This exercise calls for the records to be returned exactly, with images removed.

::::

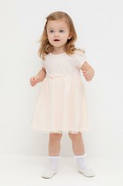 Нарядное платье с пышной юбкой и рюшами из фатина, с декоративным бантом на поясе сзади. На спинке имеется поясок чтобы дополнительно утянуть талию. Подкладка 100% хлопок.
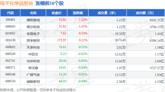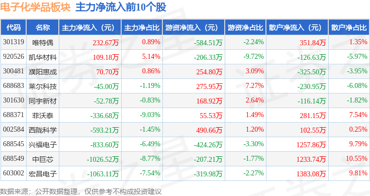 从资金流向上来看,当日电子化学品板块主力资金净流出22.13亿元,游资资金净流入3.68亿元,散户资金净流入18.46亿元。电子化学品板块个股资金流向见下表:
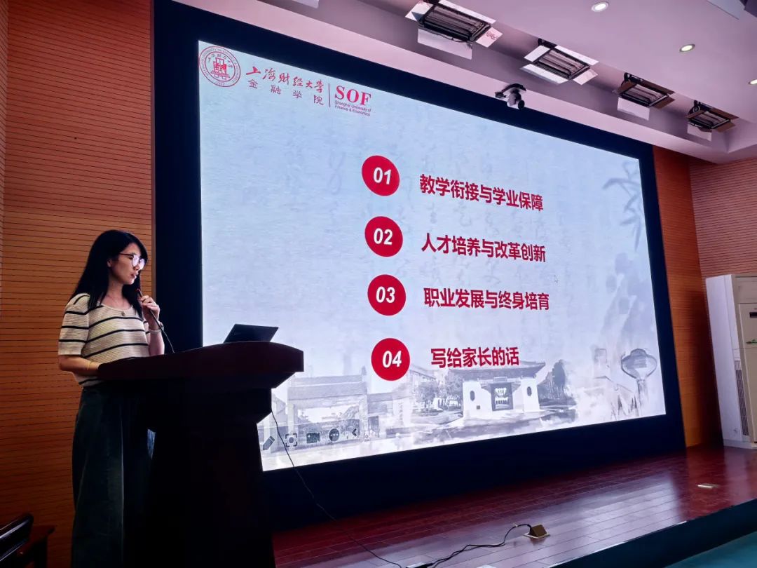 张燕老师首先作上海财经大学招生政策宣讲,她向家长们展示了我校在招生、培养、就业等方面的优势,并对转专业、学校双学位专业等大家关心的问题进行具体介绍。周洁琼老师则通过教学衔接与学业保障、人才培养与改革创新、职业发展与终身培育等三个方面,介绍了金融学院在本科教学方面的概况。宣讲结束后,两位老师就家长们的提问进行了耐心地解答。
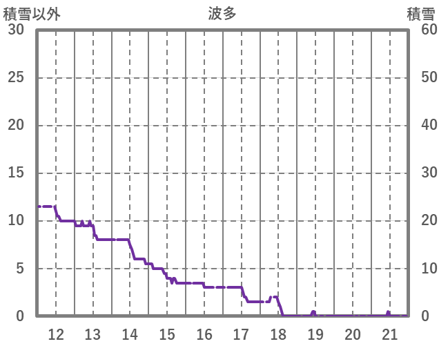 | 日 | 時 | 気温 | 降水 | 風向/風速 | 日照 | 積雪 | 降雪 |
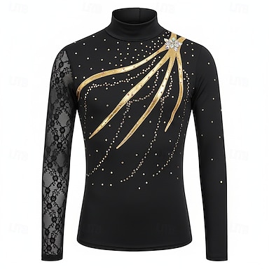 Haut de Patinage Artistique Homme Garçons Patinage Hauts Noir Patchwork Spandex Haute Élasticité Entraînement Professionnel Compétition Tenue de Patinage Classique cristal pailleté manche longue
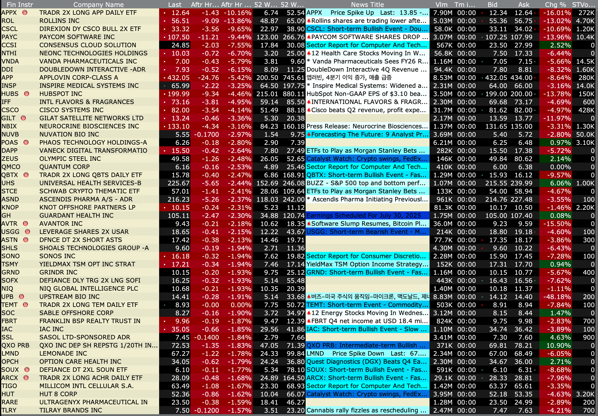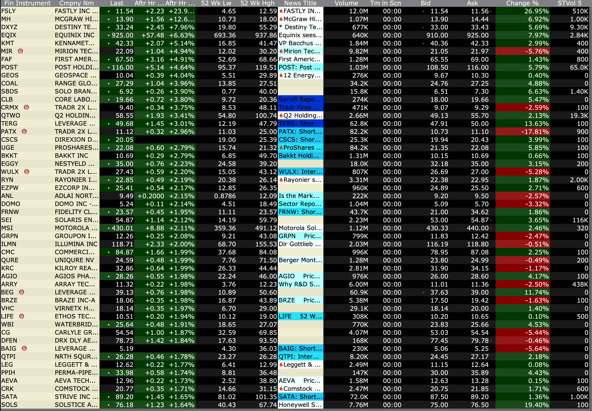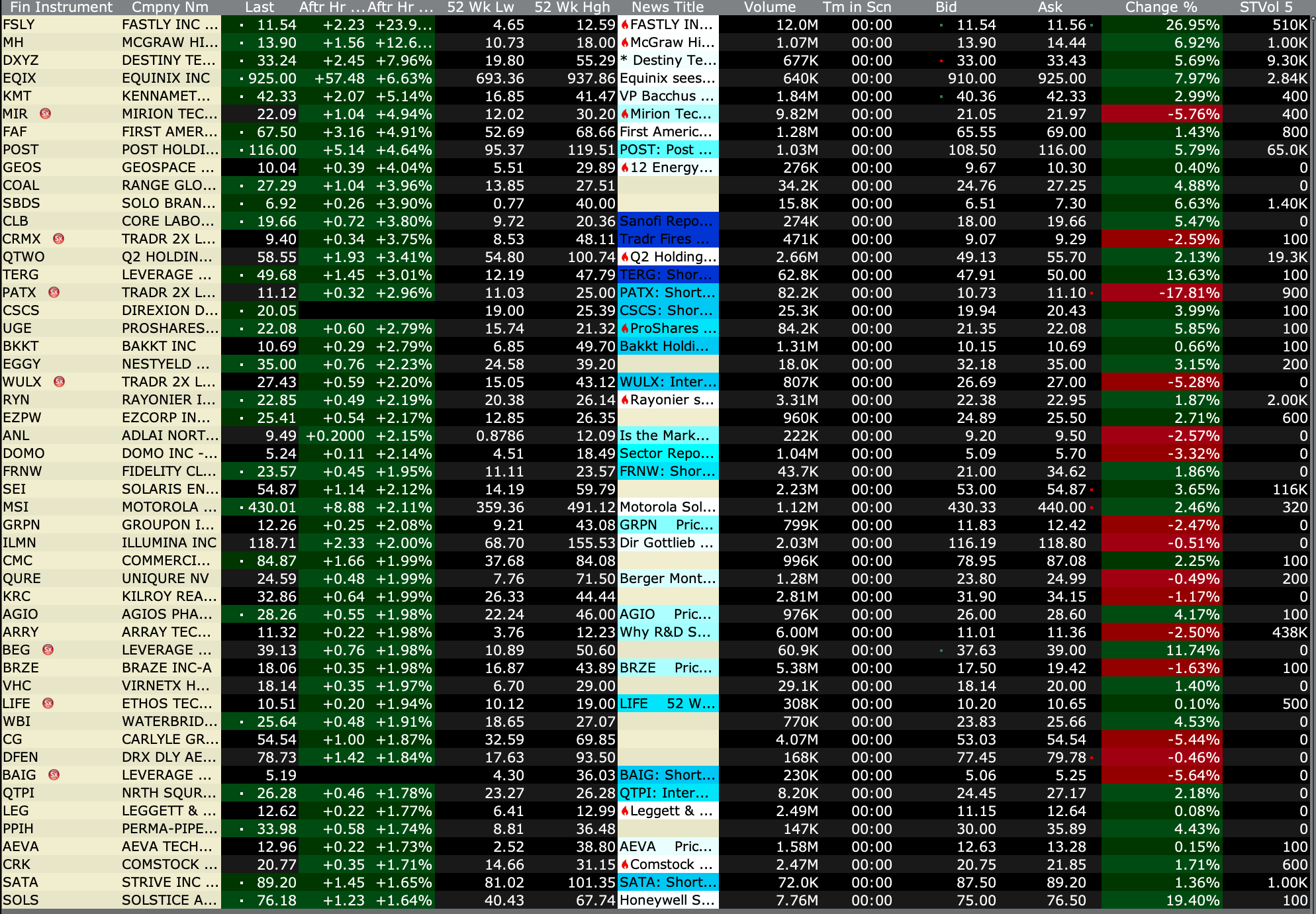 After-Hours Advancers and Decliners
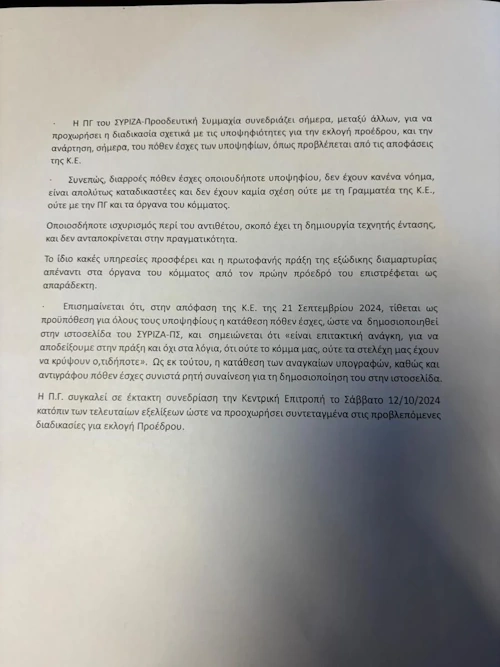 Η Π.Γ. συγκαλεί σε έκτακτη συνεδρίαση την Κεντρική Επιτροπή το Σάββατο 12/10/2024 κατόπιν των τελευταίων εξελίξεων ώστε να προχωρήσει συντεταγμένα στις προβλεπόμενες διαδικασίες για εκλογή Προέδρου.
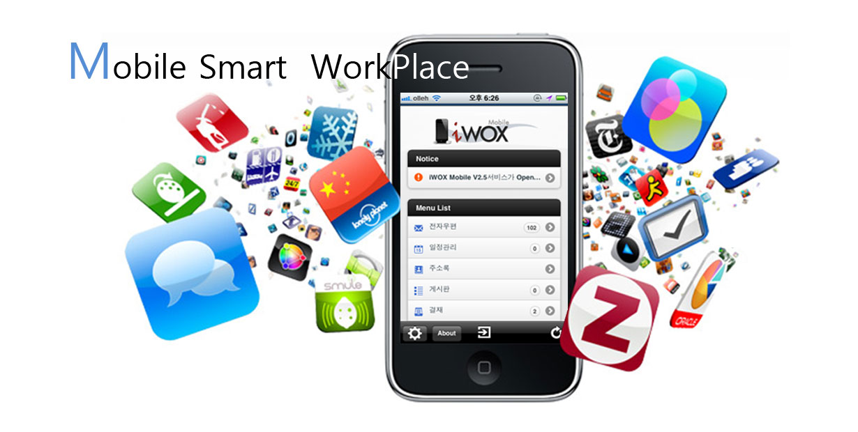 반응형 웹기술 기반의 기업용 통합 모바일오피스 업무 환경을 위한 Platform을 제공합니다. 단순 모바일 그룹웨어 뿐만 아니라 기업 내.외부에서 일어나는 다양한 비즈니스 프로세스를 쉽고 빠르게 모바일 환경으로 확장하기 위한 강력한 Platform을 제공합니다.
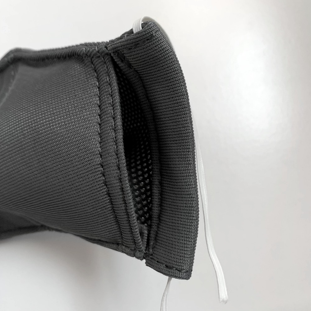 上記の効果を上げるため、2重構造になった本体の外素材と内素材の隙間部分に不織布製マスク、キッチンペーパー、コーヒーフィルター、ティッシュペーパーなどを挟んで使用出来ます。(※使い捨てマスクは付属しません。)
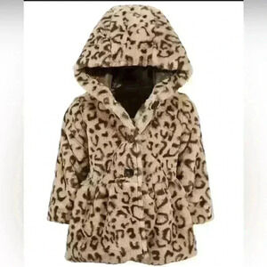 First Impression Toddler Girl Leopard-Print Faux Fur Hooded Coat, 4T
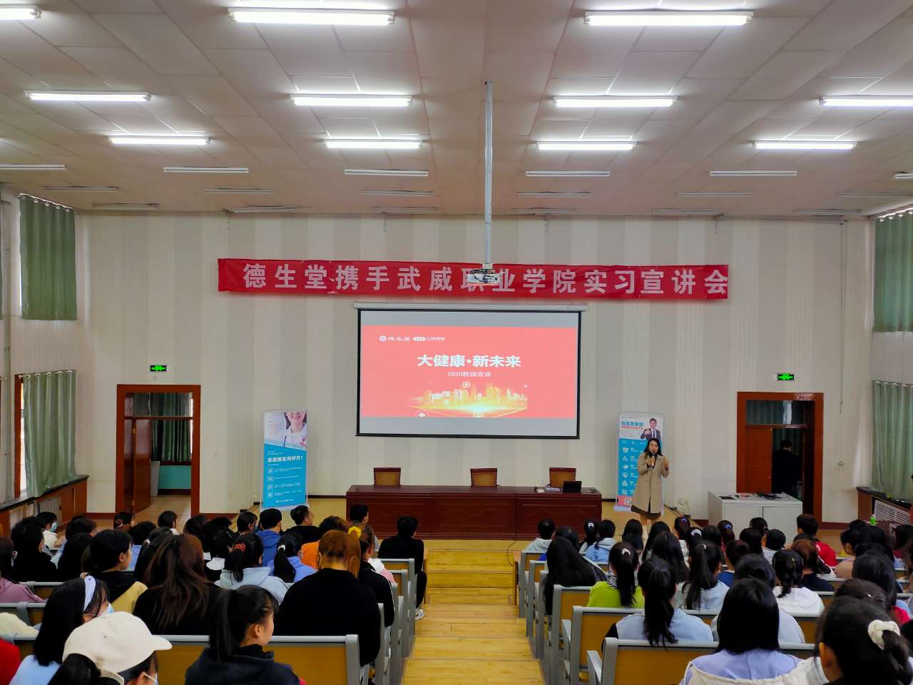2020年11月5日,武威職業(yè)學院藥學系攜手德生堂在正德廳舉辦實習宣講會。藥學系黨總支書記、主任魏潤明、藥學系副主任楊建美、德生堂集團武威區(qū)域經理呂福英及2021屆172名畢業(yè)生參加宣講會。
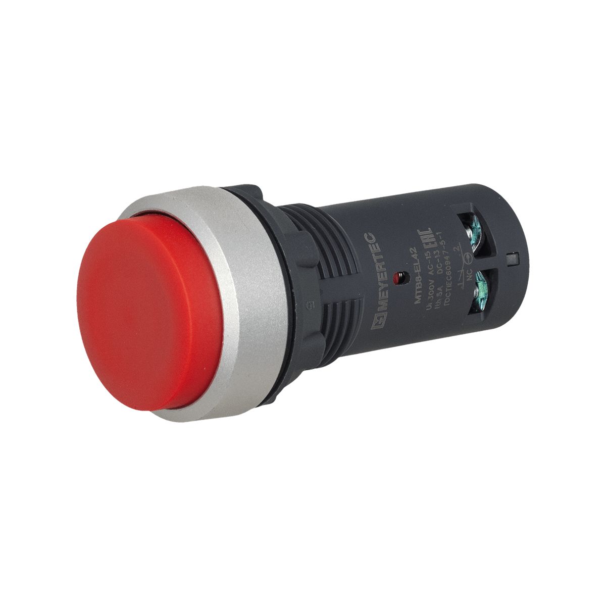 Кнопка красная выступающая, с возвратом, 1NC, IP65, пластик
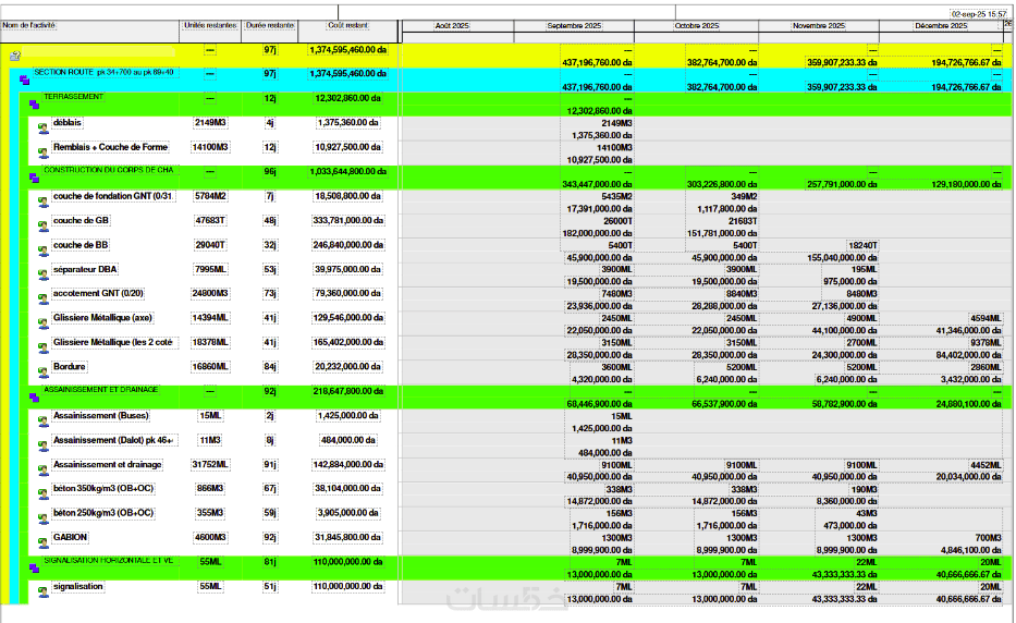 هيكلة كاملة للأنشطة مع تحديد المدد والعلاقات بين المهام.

::::

Task response
 Нарядное платье с пышной юбкой и рюшами из фатина, с декоративным бантом на поясе сзади. На спинке имеется поясок чтобы дополнительно утянуть талию. Подкладка 100% хлопок.
 从资金流向上来看,当日电子化学品板块主力资金净流出22.13亿元,游资资金净流入3.68亿元,散户资金净流入18.46亿元。电子化学品板块个股资金流向见下表:
 张燕老师首先作上海财经大学招生政策宣讲,她向家长们展示了我校在招生、培养、就业等方面的优势,并对转专业、学校双学位专业等大家关心的问题进行具体介绍。周洁琼老师则通过教学衔接与学业保障、人才培养与改革创新、职业发展与终身培育等三个方面,介绍了金融学院在本科教学方面的概况。宣讲结束后,两位老师就家长们的提问进行了耐心地解答。
 | 日 | 時 | 気温 | 降水 | 風向/風速 | 日照 | 積雪 | 降雪 |
 Haut de Patinage Artistique Homme Garçons Patinage Hauts Noir Patchwork Spandex Haute Élasticité Entraînement Professionnel Compétition Tenue de Patinage Classique cristal pailleté manche longue
 After-Hours Advancers and Decliners
 Η Π.Γ. συγκαλεί σε έκτακτη συνεδρίαση την Κεντρική Επιτροπή το Σάββατο 12/10/2024 κατόπιν των τελευταίων εξελίξεων ώστε να προχωρήσει συντεταγμένα στις προβλεπόμενες διαδικασίες για εκλογή Προέδρου.
 반응형 웹기술 기반의 기업용 통합 모바일오피스 업무 환경을 위한 Platform을 제공합니다. 단순 모바일 그룹웨어 뿐만 아니라 기업 내.외부에서 일어나는 다양한 비즈니스 프로세스를 쉽고 빠르게 모바일 환경으로 확장하기 위한 강력한 Platform을 제공합니다.
 上記の効果を上げるため、2重構造になった本体の外素材と内素材の隙間部分に不織布製マスク、キッチンペーパー、コーヒーフィルター、ティッシュペーパーなどを挟んで使用出来ます。(※使い捨てマスクは付属しません。)
 First Impression Toddler Girl Leopard-Print Faux Fur Hooded Coat, 4T
2020年11月5日,武威職業(yè)學院藥學系攜手德生堂在正德廳舉辦實習宣講會。藥學系黨總支書記、主任魏潤明、藥學系副主任楊建美、德生堂集團武威區(qū)域經理呂福英及2021屆172名畢業(yè)生參加宣講會。
 Кнопка красная выступающая, с возвратом, 1NC, IP65, пластик
 هيكلة كاملة للأنشطة مع تحديد المدد والعلاقات بين المهام.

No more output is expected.